Orar le permite al cristiano hablar con Dios y, en un primer
momento, pedirle lo que necesita. El Catecismo de la Iglesia católica cita a
santa Teresita del Niño Jesús:
"Para mí, la oración es un impulso del
corazón, una sencilla mirada lanzada hacia el cielo, un grito de reconocimiento
y de amor tanto desde dentro de la prueba como en la alegría" (CEC 2558).
De este modo, la persona puede abrirse en tres niveles: en
la oración individual, en la oración familiar y la oración en pareja.
1. La oración individual
Cuando hablamos con Dios nos abrimos a su gracia. Dios nos
escucha y desea que expongamos lo que nuestro corazón desea, lo que el alma
anhela. No porque no lo sepa, por supuesto, sino para que nos convenzamos de
que necesitamos su ayuda.
El Papa Benedicto XVI dijo durante su catequesis del Ángelus del 4 de marzo de 2007 lo siguiente:
"Queridos hermanos y hermanas, la oración no es algo
accesorio, algo opcional; es cuestión de vida o muerte.
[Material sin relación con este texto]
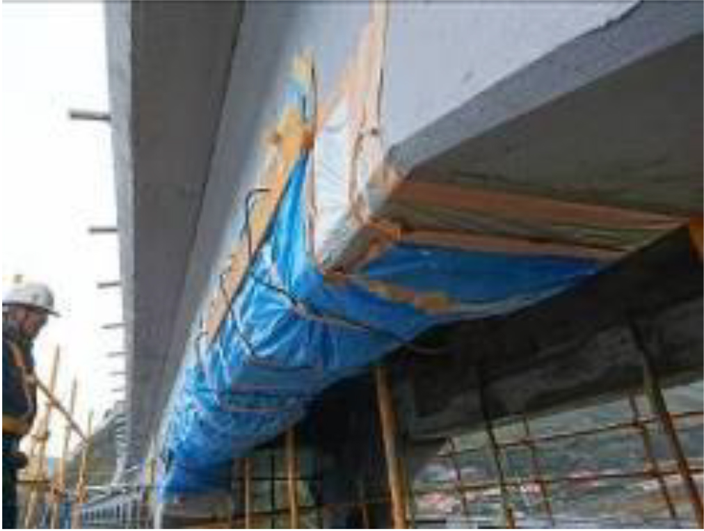 また、惣郷川橋梁に設置している風速計の2015年度冬季平均風速は4.0m/sであり、冬季の施工において強風による施工品質低下が懸念されました。そこで、施工箇所の仮設足場に防音シートを取り付けると仮設足場に風荷重が作用するため、橋梁にワイヤーロープを張り、防音シートをカーテン状に設置して施工箇所への風の進入を防ぎました。さらに、施工後直ちにシートやコンパネを使用して箇所毎に養生を行い、短期間とはいえ施工中の飛来塩分の付着を可能な限り低減することや気温低下に伴う硬化不良防止対策を行いました。

En efecto, solo quien
ora, es decir, quien se pone en manos de Dios con amor filial, puede entrar en
la vida eterna, que es Dios mismo".
En el nivel individual, cada persona se encuentra cara a
cara con Dios, sin obstáculos ni pretextos. Su alma se dispone a lo que Dios
desea para él. Enseña san Juan Damasceno:
“La oración es la elevación del alma a Dios o la petición a
Dios de bienes convenientes” (CEC
2559).
Por eso, debemos orar con todo nuestro ser, para que la
oración dé fruto y el alma se perfeccione:
"Es el corazón el que ora. Si este
está alejado de Dios, la expresión de la oración es vana" (CEC
2562).
2. La oración en familia
Sea en la familia de origen o en la que se construye dentro
del matrimonio, la oración debe ocupar una parte importante en el día. Dios
debe ser el centro de la Iglesia doméstica. Dice el Catecismo de la Iglesia
católica:
"La familia cristiana es el primer
lugar de la educación en la oración. Fundada en el sacramento del Matrimonio,
es la 'iglesia doméstica' donde los hijos de Dios aprenden a orar 'como
Iglesia' y a perseverar en la oración" (CEC 2685).
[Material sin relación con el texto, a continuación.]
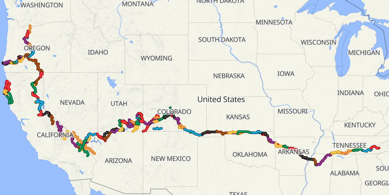 My plan for riding my new bike across the United States starts on the Blue Ridge Parkway which is just 1/2 mile from where I live in Asheville. I connect up with the Trans Am Trail‍ ‍in Cherokee, NC and I am on the TAT as I go cross country. It’s a popular route! My route crosses 11 states, covers 5,000 miles, and ends up in Portland, Oregon. In California, I leave the TAT and take Backcountry Discovery Routes through the Sierra Nevada Mountains, and then jump across to the newly released GPX Lost Coast Route that runs along the Pacific.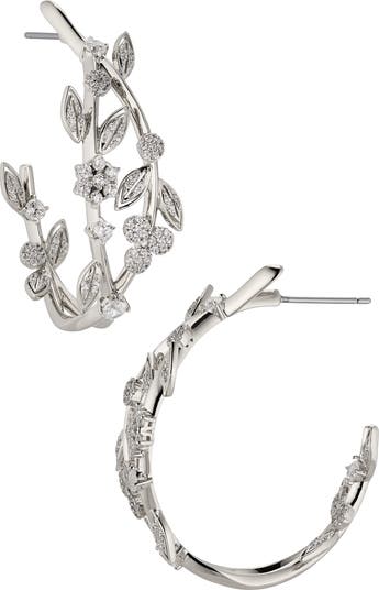 A blooming floral motif sparkles from the inside out of these cubic zirconia-embellished hoop earrings.
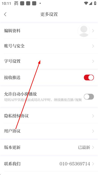 3、在更多設(shè)置頁面點(diǎn)擊字號(hào)設(shè)置選項(xiàng),進(jìn)入字號(hào)設(shè)置頁面。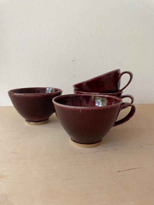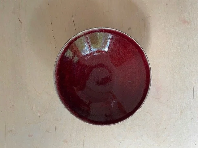 Det är inte alltid lätt att hitta den rätta balansen för reduktion, hur mycket gas jag sätter fyr på, och om glasyren inte blir tillräckligt reducerad så blir den grön eller blå. Den kan alltså användas i en elektrisk ugn, men då blir den inte röd. Dessutom så kan skålar i samma bränning visa olika resultat beroende på var i ugnen de har stått. Men här stod nu 6 koppar i en klarröd perfekt oxblodsglasyr. Hjärtat slog några extra slag. En av kopparna hade slagit sig lite så den gick bort. Jag hade också några kaffekoppar, fina men inte perfekt oxblod, en liten burk och en skål, stor som en pastaskål med perfekt glasyr.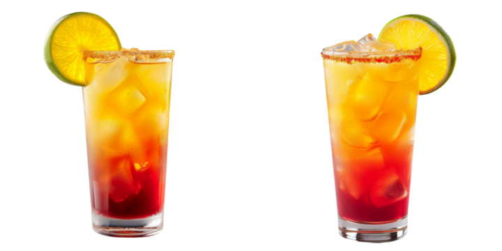 Tequila Sunrise Cocktail Set Isolated on Transparent or White Background, PNG

La confianza dentro de la familia debe fomentarse a diario,
comenzando con la oración al despertar, al tomar los alimentos, al salir a las
actividades diarias y al retirarse a descansar.
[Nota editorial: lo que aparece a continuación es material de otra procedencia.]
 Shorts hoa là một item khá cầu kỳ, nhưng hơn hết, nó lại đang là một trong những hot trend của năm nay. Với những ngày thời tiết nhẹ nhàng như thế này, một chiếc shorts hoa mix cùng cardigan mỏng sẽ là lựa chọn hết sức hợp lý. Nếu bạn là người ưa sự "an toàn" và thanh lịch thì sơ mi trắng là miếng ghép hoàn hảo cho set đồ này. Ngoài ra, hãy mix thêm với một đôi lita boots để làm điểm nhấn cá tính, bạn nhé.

Y qué bueno sería que se acostumbrara a rezar el santo
Rosario. Muchos grandes santos se formaron cobijados por María Santísima,
mientras su madres o abuelas repasaban las cuentas y recitaban el Ave María.
3. La oración en pareja
Si el matrimonio es la vocación que Dios regala, es
fundamental que ambos sean cristianos católicos. Si no se está de acuerdo en la
fe, lo demás será sumamente difícil sobrellevarlo. Y la razón está en que no
hay nada más importante que Dios. Por eso, desde el inicio de la relación,
deben ponerse de acuerdo para aprender a orar juntos.
El libro de Tobías tiene un hermoso ejemplo:
"Tobías se levantó de la cama y dijo a Sara:
'Levántate, hermana, y oremos para pedir al Señor que nos manifieste su
misericordia y su salvación'. Ella se levantó, y los dos se pusieron a orar
para alcanzar la salvación" (8, 4-5).
Todo lo que se ofrece a Dios florece bellamente. Si ambos
piden por su relación, y después por su matrimonio y familia, todos los
problemas encontrarán pronta solución. Dios no defrauda nunca.
Que la oración en estos tres niveles sea convierta en el eje
principal de nuestra vida para que nunca perdamos de vista nuestra meta eterna.